A recipient of unsolicited e-mails could not sue the sender under state law because such claims are preempted by federal anti-spam law, the 4th Circuit has ruled in affirming a summary judgment.
The defendant sent numerous e-mails advertising various travel offers to the plaintiff, a web site design firm located in Oklahoma.
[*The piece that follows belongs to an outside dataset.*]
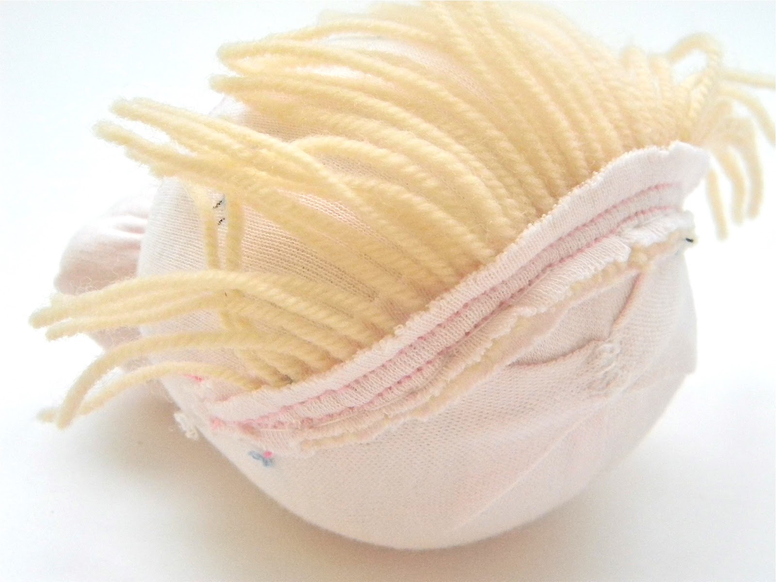 Прикладываем волосы к лицу куклы, отрезаем лишний трикотаж, намечаем, к какому месту головы будем пришивать «паричок» (он должен быть незаметен под колпачком). Волосы пока не подрезаем

The plaintiff sued under the Controlling the Assault of Non- Solicited Pornography and Marketing Act (CAN-SPAM) and an Oklahoma anti-spam statute that prohibits e-mails that misrepresent or fail to properly identify their point of origin.
The defendant argued that the CAN-SPAM Act preempted the plaintiff's state-law claims because the statute expressly provides that it "supersedes" state laws regulating commercial e-mail.
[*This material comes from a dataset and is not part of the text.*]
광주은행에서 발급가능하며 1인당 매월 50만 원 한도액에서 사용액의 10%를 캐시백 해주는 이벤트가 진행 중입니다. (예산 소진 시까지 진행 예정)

The plaintiff contended its claims fell within the CAN-SPAM Act's exception for any state law that "prohibits falsity or deception in any portion of a commercial electronic mail message or information attached thereto."
But the court decided that the exception only applied to "material" inaccuracies touching on fraud and, because the plaintiff alleged only minor, "immaterial" inaccuracies in the defendant's e- mails, the CAN-SPAM Act preempted the state-law claims.
"The exception allows states to prohibit 'falsity or deception' in commercial e-mail messages. Those terms are not defined in the statute. However, 'deception' requires more than bare error, and while 'falsity' can be defined as merely 'the character or quality of not conforming to the truth or facts,' it also can convey an element of tortiousness or wrongfulness, as in 'deceitfulness, untrustworthiness, faithlessness," the court said.
It further decided that the plaintiff could not establish that the defendant violated the CAN-SPAM Act's requirements concerning the accuracy of header information in commercial e-mails, finding "the e-mails at issue were chock full of methods to 'identify, locate, or respond to' the sender or to 'investigate [an] alleged violation' of the CAN-SPAM Act."
Omega World Travel, Inc. v. Mummagraphics, Inc. (Lawyers USA No. 9934632) U.S. Court of Appeals, 4th Circuit No. 05-2080. Nov. 17, 2006.